All these factors—abnormally rapid growth, big swings, outlier ratios, and alignment with known charges—are classic red flags.

In [39]:
def main():
    # 1) Merge data
    fraud_suppliers_df = merge_fraud_suppliers()

    # 2) Create time series dataset
    time_series_df = create_time_series_dataset(fraud_suppliers_df)

    # 3) Assign risk score
    scored_df = assign_fraud_risk_score(time_series_df)

    # Show top suspicious by risk score
    top_susp = scored_df.sort_values('risk_score', ascending=False)
    print("\n===== Top 10 by Fraud Risk Score =====")
    display(top_susp.head(10)[[
        'Suplr_NPI','Suplr_Prvdr_Last_Name_Org','year','risk_score',
        'yoy_growth_claims','yoy_growth_charges','yoy_growth_payments','avg_charge_per_claim','payment_to_charge_ratio'
    ]])

    # Save the final results
    time_series_df.to_csv("fraud_time_series_fixed.csv", index=False)
    scored_df.to_csv("fraud_scored_fixed.csv", index=False)
    print("Saved final CSVs: 'fraud_time_series_fixed.csv' and 'fraud_scored_fixed.csv'.")
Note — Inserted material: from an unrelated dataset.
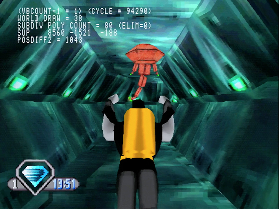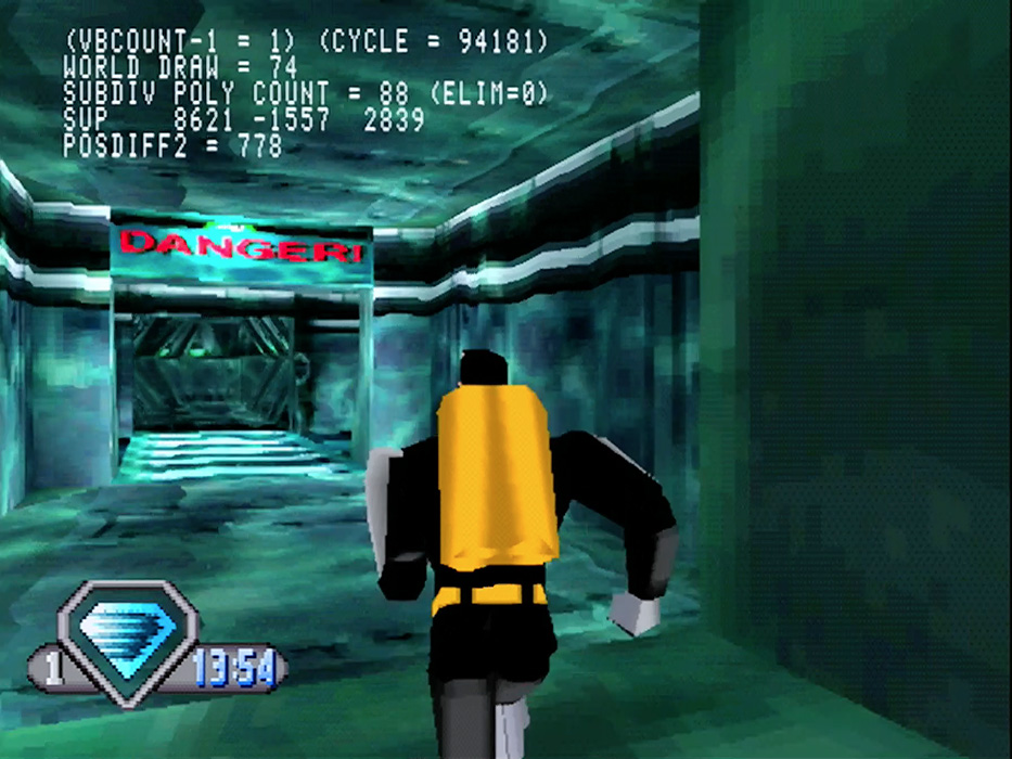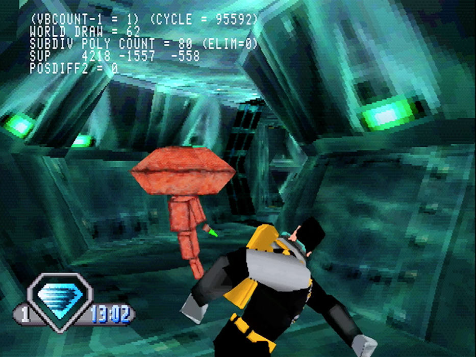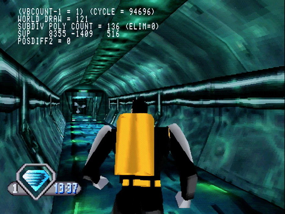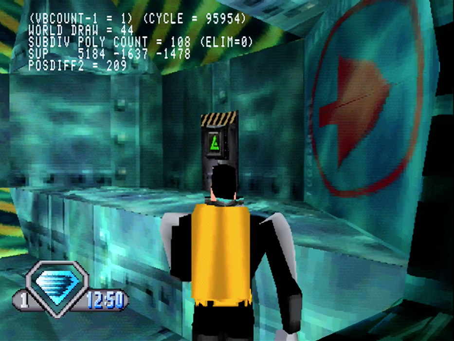 Assumed to be the new version of the N64’s final stage, the prototype build is glitched. Superman can fly around the room, but the enemies and platforms are sunk into the spinning space texture.

    print("\n=== Conclusion ===")
    print("- We identified multiple suppliers with extremely high YOY changes, outlier ratios, and short-lived spikes.")
    print("- These patterns align closely with known fraud topics (e.g., health care fraud, false claims).")
    print("- The 'risk_score' approach flagged those same suppliers, confirming the typical red flags.")
    print("- Executives can focus on these high-risk suppliers for further investigation.")

## 6. Run the Notebook
Click **Cell → Run All** or **Shift+Enter** on each cell to:
1. Load data.
2. Merge fraud cases.
3. Calculate YOY growth.
4. Assign risk scores.
5. Print top suspicious examples.
6. Save final CSVs.

In [40]:
if __name__ == "__main__":
    main()

Loading data/2018/mup_dme_ry24_p05_v10_dy18_supr.csv...
Loading data/2019/mup_dme_ry24_p05_v10_dy19_supr.csv...
Loading data/2020/mup_dme_ry24_p05_v10_dy20_supr.csv...
Loading data/2021/mup_dme_ry24_p05_v10_dy21_supr.csv...
Loading data/2022/mup_dme_ry24_p05_v10_dy22_supr.csv...
Combined supplier DataFrame shape: (352611, 95)
Loading fraud data from data/fraud_data/fraud-export.csv
Fraud rows: 2085
Unique NPIs with confirmed fraud: 519
Merged shape: (108, 104)
Final fraud suppliers shape: (108, 15)
Unique NPIs: 44

===== Top 10 by Fraud Risk Score =====


Unnamed: 0,Suplr_NPI,Suplr_Prvdr_Last_Name_Org,year,risk_score,yoy_growth_claims,yoy_growth_charges,yoy_growth_payments,avg_charge_per_claim,payment_to_charge_ratio
61,1134608292,"Liberty Medical Dme, Llc",2020,3,1448.148148,1779.474402,2007.692669,1880.357261,0.770239
73,1861930166,Key Medical Llc,2020,3,336.636245,239.987594,211.664602,1011.392231,0.630318
29,1073935862,"All American Medical Supplies, Llc",2019,3,10766.569767,6064.881735,1086.667497,267.277086,0.128765
44,1578052627,"Absolute Comfort Medical, Inc.",2019,3,398.773006,378.553831,366.096323,1193.507279,0.647649
72,1841725314,Medihealth Medical Solutions Llc,2020,3,308.128079,501.638939,541.235984,1940.289209,0.776156
47,1841725314,Medihealth Medical Solutions Llc,2019,3,600.0,545.772705,516.409983,1316.215517,0.728227
71,1831652734,Limitless Medical Supplies Llc,2020,3,1213.043478,1274.224634,1306.680871,2054.056291,0.637979
41,1457863326,Pipeline Medical Equipment Inc,2019,3,416.363636,393.237206,411.301333,1032.512912,0.555445
37,1316423015,"Ortho-Med Solution, Inc",2019,3,382.702703,556.187996,577.312412,8734.163494,0.71393
97,1265033591,"Acqualina Health Medical Solutions, Inc.",2022,3,963.157895,2704.320142,4332.811494,5692.714356,0.776182


Saved final CSVs: 'fraud_time_series_fixed.csv' and 'fraud_scored_fixed.csv'.

=== Conclusion ===
- We identified multiple suppliers with extremely high YOY changes, outlier ratios, and short-lived spikes.
- These patterns align closely with known fraud topics (e.g., health care fraud, false claims).
- The 'risk_score' approach flagged those same suppliers, confirming the typical red flags.
- Executives can focus on these high-risk suppliers for further investigation.